START Dataset excerpt
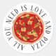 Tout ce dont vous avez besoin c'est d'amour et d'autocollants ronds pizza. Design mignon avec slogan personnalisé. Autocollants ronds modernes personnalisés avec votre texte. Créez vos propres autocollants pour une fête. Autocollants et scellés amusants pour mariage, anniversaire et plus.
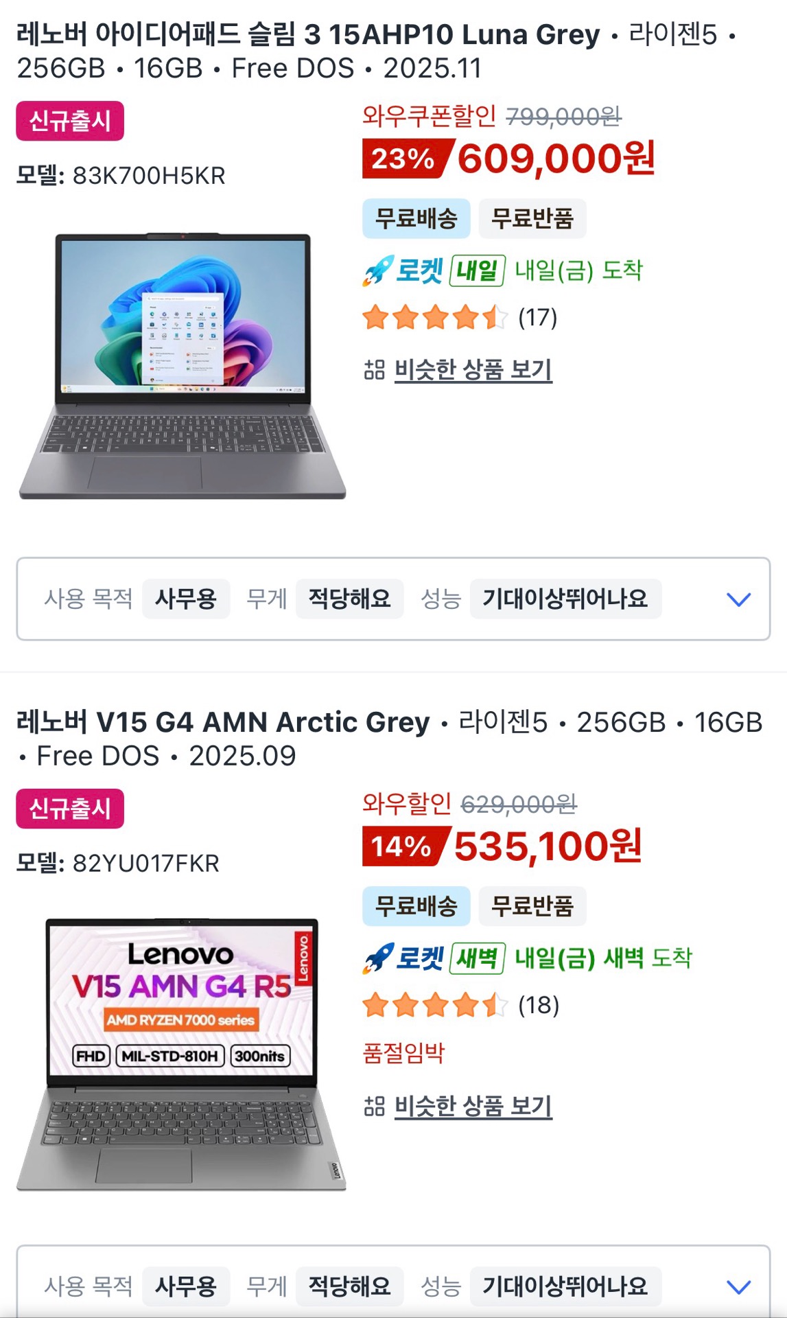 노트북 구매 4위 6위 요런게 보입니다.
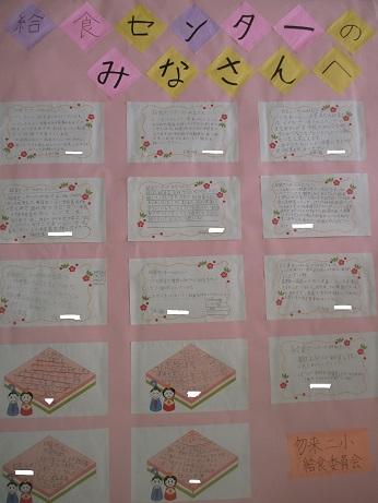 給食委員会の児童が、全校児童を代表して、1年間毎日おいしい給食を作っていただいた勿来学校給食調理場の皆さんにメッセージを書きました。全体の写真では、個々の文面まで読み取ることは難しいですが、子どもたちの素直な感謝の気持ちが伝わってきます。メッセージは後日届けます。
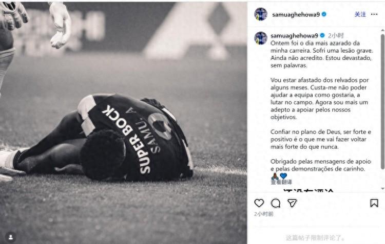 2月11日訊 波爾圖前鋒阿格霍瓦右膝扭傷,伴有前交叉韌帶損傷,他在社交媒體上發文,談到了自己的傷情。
END Dataset excerpt
--- Work required ---
The material above holds pictures; copy everything else in it exactly.

--- Reply to the task ---
 Tout ce dont vous avez besoin c'est d'amour et d'autocollants ronds pizza. Design mignon avec slogan personnalisé. Autocollants ronds modernes personnalisés avec votre texte. Créez vos propres autocollants pour une fête. Autocollants et scellés amusants pour mariage, anniversaire et plus.
 노트북 구매 4위 6위 요런게 보입니다.
 給食委員会の児童が、全校児童を代表して、1年間毎日おいしい給食を作っていただいた勿来学校給食調理場の皆さんにメッセージを書きました。全体の写真では、個々の文面まで読み取ることは難しいですが、子どもたちの素直な感謝の気持ちが伝わってきます。メッセージは後日届けます。
 2月11日訊 波爾圖前鋒阿格霍瓦右膝扭傷,伴有前交叉韌帶損傷,他在社交媒體上發文,談到了自己的傷情。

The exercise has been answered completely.